Capítulo 3 

Cuando Robbie llegó a la puerta de la casa, sintió ganas de darse la vuelta y marcharse. Pero, entonces, recordó el rostro ilusionado de Kiefer y no pudo hacerlo. Sabía lo que era luchar para integrarse con la gente. Él había tenido siempre la misma sensación con sus propios hermanos.

Había tantos coches aparcados en los alrededores que casi podría haberse hecho una exposición. Los amigos de sus padres eran acaudalados como ellos, y no perdían la menor oportunidad para demostrarlo, ya fuera en los coches que se compraban o en los purasangres que adquirían.

Señorito Robbie, qué alegría verlo, no sabíamos si lo veríamos por aquí esta noche —dijo Betsy Fuller, una de las criadas de los Preston, abriendo la puerta vestida con el mismo uniforme sencillo de siempre, un uniforme que, en realidad, ocultaba la privilegiada posición económica de aquella mujer, que llevaba años trabajando en una de las casas más grandes del estado. 

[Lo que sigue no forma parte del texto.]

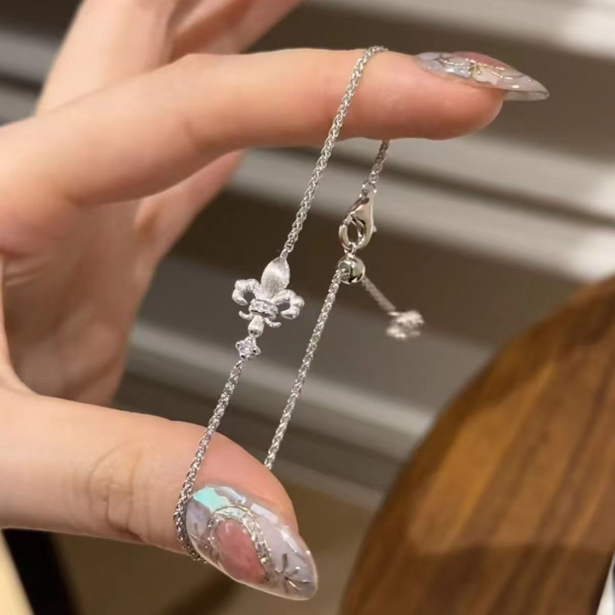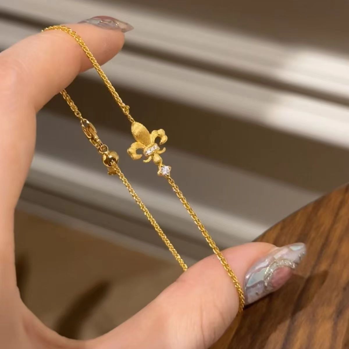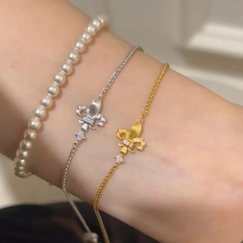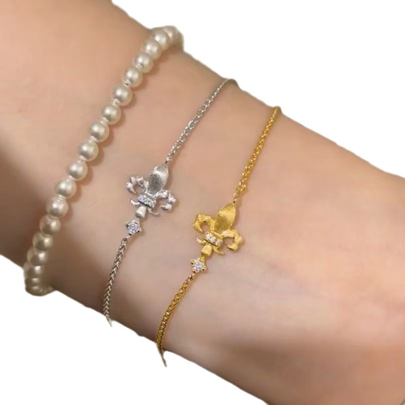 鸢尾花拉丝手链简约时尚百搭神器轻奢高级复古镀银镀金手链
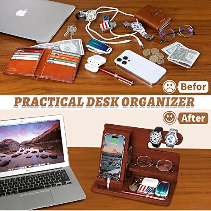 Gifts for Men Wood Phone Docking Station Gifts for him Husband Nightstand Organizer Cell Phone Stand Watch Holder Wallet Station Desk Organizers Gifts for Dad Birthday Gifts for Men

Betsy siempre había hecho gala de una gran diplomacia. A pesar de todo el tiempo que llevaba al servicio de su familia, nunca había hecho el menor intento de inmiscuirse en los asuntos de los Preston. En lo que tenía que ver con Robbie, nunca había hecho comentario alguno sobre sus intermitentes ausencias. Siempre tenía una sonrisa en los labios y los brazos abiertos para cualquiera que llamara a la puerta de los Preston, y Robbie le tenía mucho cariño por todo ello.

No sabía que había una fiesta esta noche, de lo contrario me habría puesto más guapo —dijo Robbie viendo, detrás de Betsy, el recibidor lleno de candelabros encendidos, confiriéndole al lugar un aire festivo a pesar de la elegancia y seriedad de la decoración.

La cena todavía no había empezado. Eso quería decir que los invitados debían de estar tomándose una copa en la terraza. Tenía que intentar coincidir con su familia lo menos posible.

Si te das prisa, puedes subir a cambiarte sin que nadie se dé cuenta —dijo Betsy consultando su reloj.

Gracias, pero no voy a quedarme mucho. He venido para hablar un momento con Amanda Emory, si es que ha venido —dijo entrando en la casa y mirando a su alrededor para comprobar que no hubiera nadie conocido por allí—. ¿La conoces ya? 

Por supuesto —respondió Betsy un poco ofendida—. Está en la parte de atrás, tomándose una copa con los demás. Venga, hijo, ¿por qué no subes y te cambias?

Aunque se había ido a principios de semana, Robbie había dejado parte de su ropa allí, de modo que tenía la posibilidad de hacer caso a Betsy y arreglarse un poco. Pero no quería hacerlo. No quería que nadie pensara que había perdonado el desaire que le había hecho su familia.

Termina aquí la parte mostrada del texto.